After arriving on the planet, several crewmembers are infected and soon we witness the same "monster-coming out of the victim's body" like what took place more than 35 years hence. Further attacks by the stainless steel monsters are prevented by David, who evidently has a special bond with these creatures, even overlooking their small idiosyncrasies like their desire to tear the visiting humans to shreds.
He also tries to "teach" Walter how to be more creative (by playing a recorder), but is there foul work afoot? We won't reveal it, but suffice it to say, the two get to not only battle each other, but a nod is thrown to the new Hollywood gay/transgender sensibilities by having them actually make out with one another (don't ask; please, don't ask).

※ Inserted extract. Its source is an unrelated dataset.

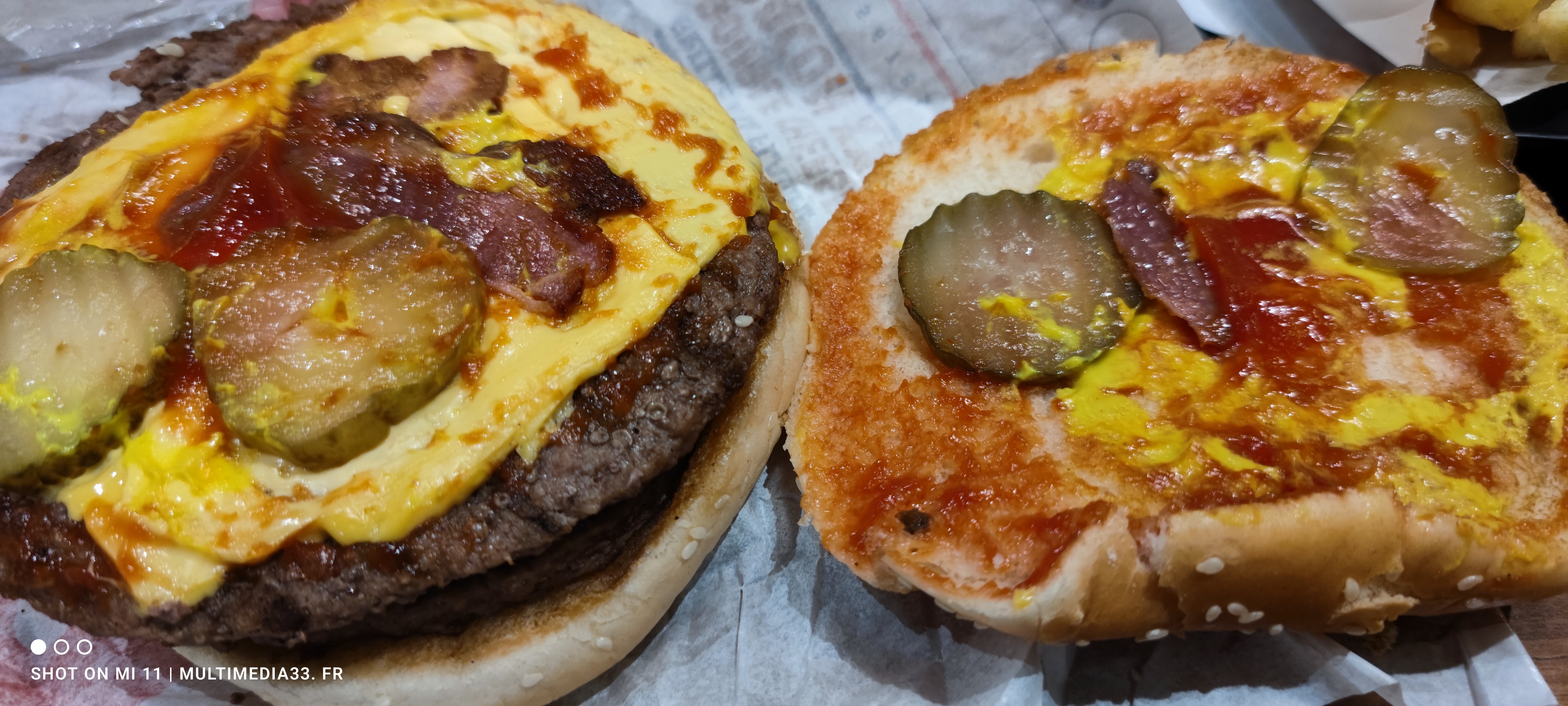 Personnellement, j'adore♥️ Burger King, mais là vous êtes limites.😡 - Commande faites à 21h08 servit 22 minutes🤔 plus tard pour 3 burgers et 2 glaces. 3/5 ( C'était loin d'être plein comparé à certaines villes mais bien plus propre, rapide). Dommage. - Propreté des lieux (table non relavé après passage de clients, voir collante, le sol et dans le même état au niveau des poubelles. Du jamais vu encore à ce point. - Les toilettes sont propres :4/5 dans l'ensemble mais gel hydro alcoolique vide. - J'ai vu un défibrillateur ce qui est très positif.👍 - Le double cheeseburger bacon les photos parlent d'elles-mêmes:2/5 . 2 malheureux bout de bacon, dauce quasi inexistante. - Le wooper de mon fils était excellent😋 5/5 avec une sauce généreuse contrairement à celui de ma femme qui avait prit un burger poivre mais dont elle cherchait la sauce. Les frites très chaudes🔥, parfait.🙂 c'est dommage , soyez un peu plus généreux dans les quantités et nettoyer plus régulièrement serait bien pour l'hygiène. Si vous ne le faites pas pour vous, faites le pour vos clients.

Also, one cannot help but compare the original film (as well as the first sequel) — and although more than three decades apart — they appear even more favorably when one realizes that today’s vast technical film industry leaps were not available then. The special effects and seamless amazing visuals of "Alien: Covenant" goes only to highlight just how skilled those artists were in producing “Alien,” and "Aliens" two of the best-looking, most terrifying, FX-filled movies of that era, as well as some of the great characters (Ripley, Ash, Dallas, Lambert, Brett, Kane, Parker, Bishop, Hicks, etc.) in science fiction history.
Still, credit does go to the director and cinematographer Dariusz Wolski ("The Walk," "The Martian"); production designer Chris Seagers ("Saving Private Ryan") and art director Ian Gracie ("Gods Of Egypt," "The Great Gatsby"), who give the picture it's flashy, seamless appearance. Plus, Scott has definitely mastered the creepy, futuristic, forlorn, atmospheric look of these far-flung worlds.
But with a confusing story that tries to mirror the better installments of the series — down to the most remote detail (blame writers Jack Paglen ("Transcendence"), Michael Green ("Logan," the upcoming "Blade Runner"), John Logan ("Spectre," "Skyfall") and Dante Harper (in his debut) — and a profusion of little, if any memorable characters, "Covenant" asks more questions than it answers and ends up just being slightly cool to look at — with passing mentions of Wagner, Byron and Shelley and a few scenes of shocking (but not frightening) sequences and should therefore not be taken very seriously. Plus, it's sadly something we have seen too often before.